Tripathi injected a bit of his childhood into his early retirement. He began gleefully making ice-cream and dishing it out to friends and family who were all as delighted as he was with his new hobby. It was wholesome and grainy ice-cream and came in combinations which sounded happily corny and tasted so very different.
The best ice-creams are personalized and come out of kitchens like Tripathi’s. They are handmade, have character and are produced in small batches — unlike factory-made ice-creams which are smooth, made by the tonne and have a long shelf-life.
Artisanal is the term for Tripathi’s kind of ice-cream because there is craftsmanship involved. It has the stamp of the creator and is produced with passion and pride. Wholesomeness and purity are its hallmarks. It contains no essences, artificial flavouring, stabilizers or additives.
As Tripathi’s ice-cream passed muster in his close circle, he decided to go to market with it.
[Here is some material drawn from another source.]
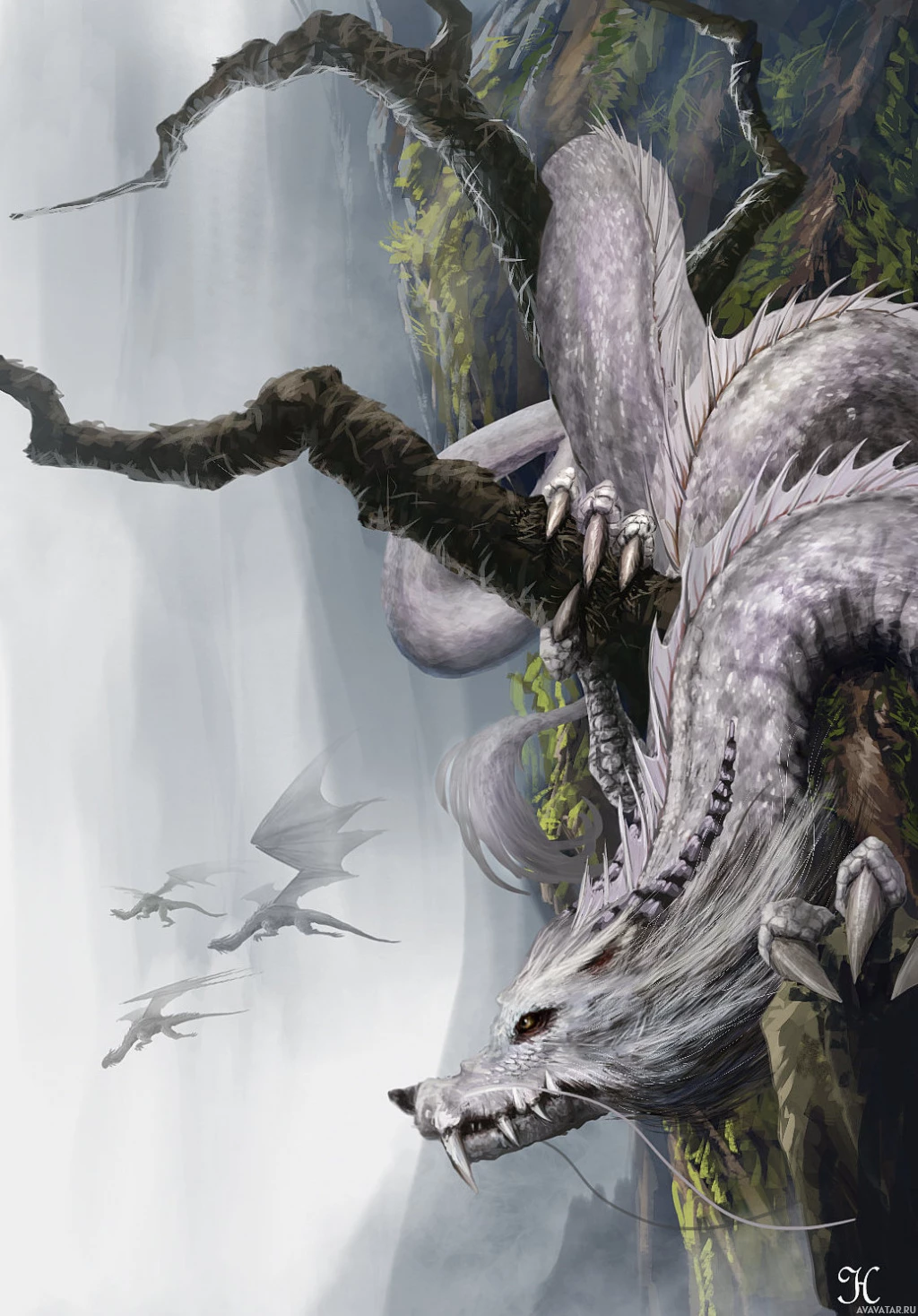 the edge of a cliff, surrounded by mist or fog. In the background, there are hints of other creatures, possibly more dragons, which could imply that this is a scene from

It was one big step out of his kitchen but Cold Love was born in the belief that if friends and family liked what he was conjuring up more people deserved to have it.
Experimenting in “completely the wrong season”, Tripathi set up a stall at the Christmas Mela of the German Embassy in New Delhi. The two-day event brought with it confidence, as not only did people love the ice-cream, they came back asking where they could order more.
After a few other smaller events across December, a website for Cold Love went live for orders and deliveries. Tripathi soon took the leap from his home kitchen to a professional kitchen, with support from a close friend, Samir Kuckreja, who has worked as CEO for Nirula’s.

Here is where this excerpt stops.